For a report, we might want to make it a little more easily readable:

Central tendency

Often, we might want to summarise data into a single summary value, reflecting the point at (or around) which most of the values tend to cluster. This is known as a measure of central tendency. For numeric data, we can use measures such as the mean, which you will likely have heard of.
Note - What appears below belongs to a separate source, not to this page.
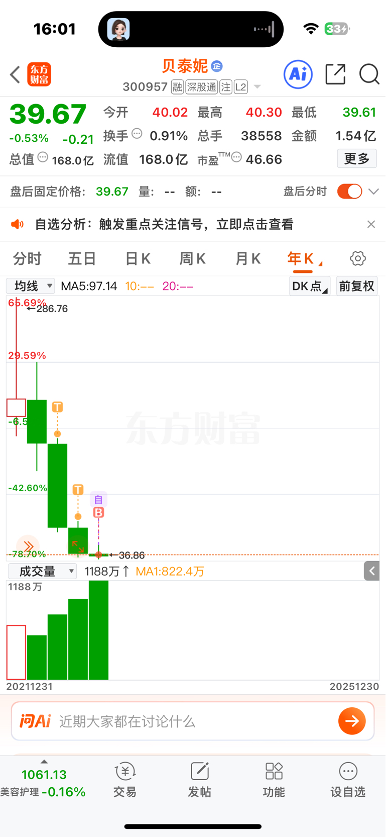 $贝泰妮(SZ300957)$ 顶流公司,大A独一无二
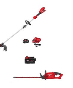 The MILWAUKEE? M18? Brushless String Trimmer delivers more clearing power and a larger cutting swath than battery-powered competitors. The brushless motor was built and optimized specifically for trimming applications and provides up to 6,200 RPM. The M18 FUEL? hedge trimmer has the power to cut 3/4 in. branches, cuts up to 30% faster, and provides up to 2 hours of run-time per charge. Delivers up to 2.5X more run-time, 20% more power and 2X more life than standard lithium-ion batteries. The M18? REDLITHIUM? XC 5.0 extended capacity battery pack features superior pack construction, electronics, and performance to deliver more work per charge and more work over the life of the pack than any battery on the market. Includes (1) M18? Brushless String Trimmer, (1) M18 FUEL? 24In Hedge Trimmer Bare Tool, (1) M18? REDLITHIUM? HIGH OUTPUT? XC6.0Ah Battery, (1) M18? REDLITHIUM? XC 5.0Ah Extended Capacity Battery Pack, and (1) M18? & M12? Charger.

For nominal data (unordered categorical data), however, our only option is to use the mode.

Mode

The most frequent value (the value that occurs the greatest number of times).
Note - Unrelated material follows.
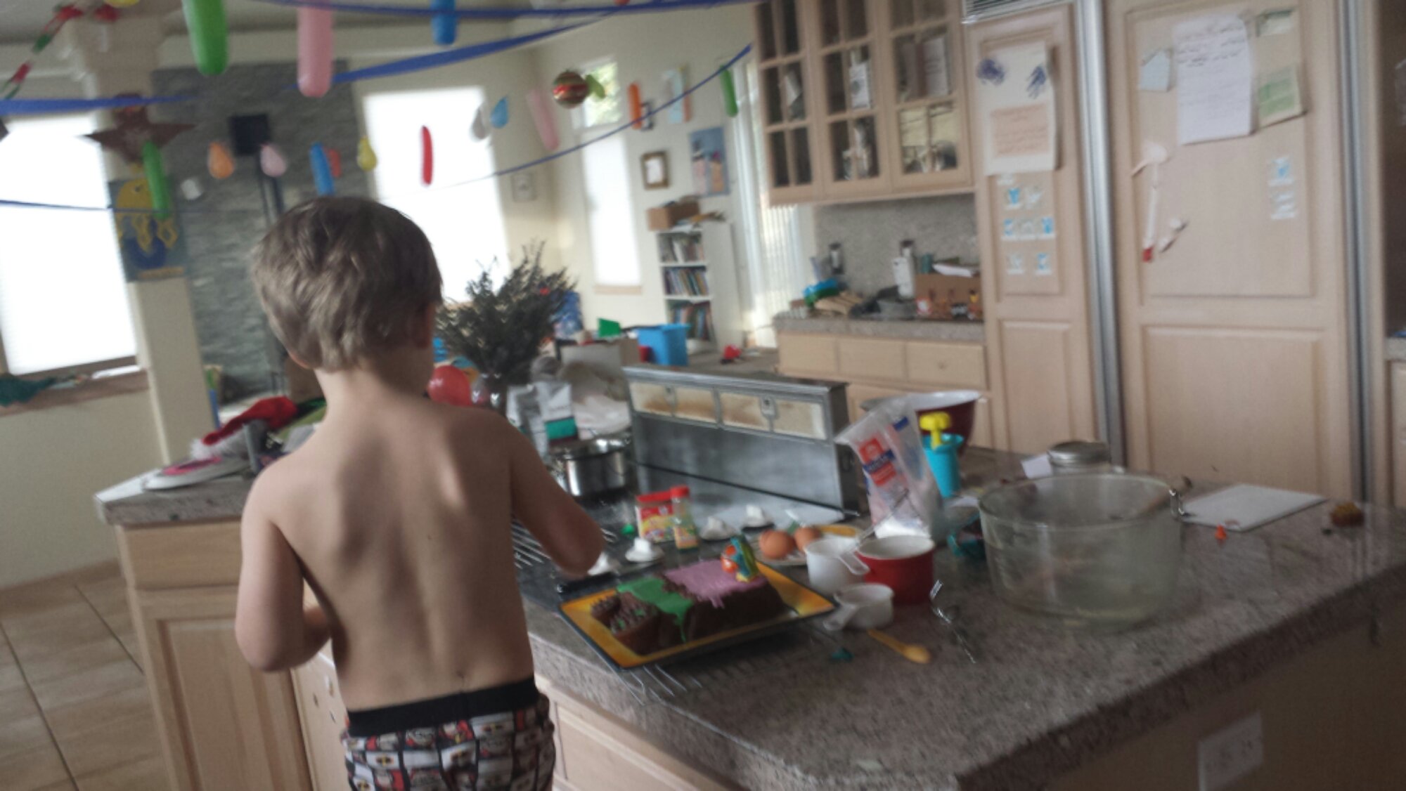 We managed to catch his friends by text message before they left, or perhaps not and they were too polite to say so. We watched him the next little while but he was as chipper as ever with no signs of anything more. He had a great time when his big friends came over, and the cake did not go to waste, nor see much daylight after the candles were blown out.

In our case, the mode is the “Cognitive Neuroscience” category.

Relative frequencies

We might alternatively want to show the percentage of respondents in each category, rather than the raw frequencies.
The percentages show the relative frequency distribution

Relative frequency distribution

A relative frequency distribution shows the proportion of times each value occurs
(contrast this with the frequency distribution which shows the number of times).
Relative frequencies can be written as fractions, percents, or decimals.

In the object “freq_table”, we have a variable called n, which is the frequencies (the number in each category).
The total of this column is equal to the total number of respondents:

# sum all the values in the "n" variable in the "freq_table" object
sum(freq_table$n)

## [1] 74

And therefore, each value in freq_table$n, divided by the total, is equal to the proportion in each category:
( Tip: Proportions are percentages/100. So 0.4 is another way of expressing 40%)
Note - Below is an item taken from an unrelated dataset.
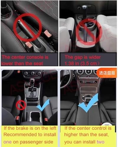 【BUYING NOTICE】 – Not recommended to install :(1) The center console is lower than the seat,(2)The gap is wider 1.38 in (3.5 cm). Recommended to install : (1) If the brake is on the left Recommended to install one on passenger side; (2) If the center control is higher than the seat,you can install 2 pieces.

# take the values in the "n" variable from the "freq_table" object, 
# and divide by the sum of all the values in the "n" variable in "freq_table"
freq_table$n/sum(freq_table$n)

## [1] 0.3243243 0.1351351 0.2702703 0.1216216 0.1486486

We can then simply add the proportions as a new column to our table of frequencies by assigning the values we just calculated to a new variable:

# the variable "prop" in the "freq_table" object is now assigned 
# the values we calculated above (the proportions)
freq_table$prop <- freq_table$n/sum(freq_table$n)

# print the "freq_table" object
freq_table

## # A tibble: 5 x 3
##   area                       n  prop
##   <chr>                  <int> <dbl>
## 1 Cognitive Neuroscience    24 0.324
## 2 Developmental             10 0.135
## 3 Differential              20 0.270
## 4 Language                   9 0.122
## 5 Social                    11 0.149

However, we can also do this within a sequence of pipes (%>%). To do so, we use a new function called mutate().

mutate()

The mutate() function is used to add or modify variables to data.

# take the data
# %>%
# mutate it, such that there is a variable called "newvariable", which
# has the values of a variable called "oldvariable" multiplied by two.
data %>%
  mutate(
    newvariable = oldvariable * 2
  )

Note: Inside mutate(), we don’t have to keep using the dollar sign $, as we have already told it what data to look for variables in.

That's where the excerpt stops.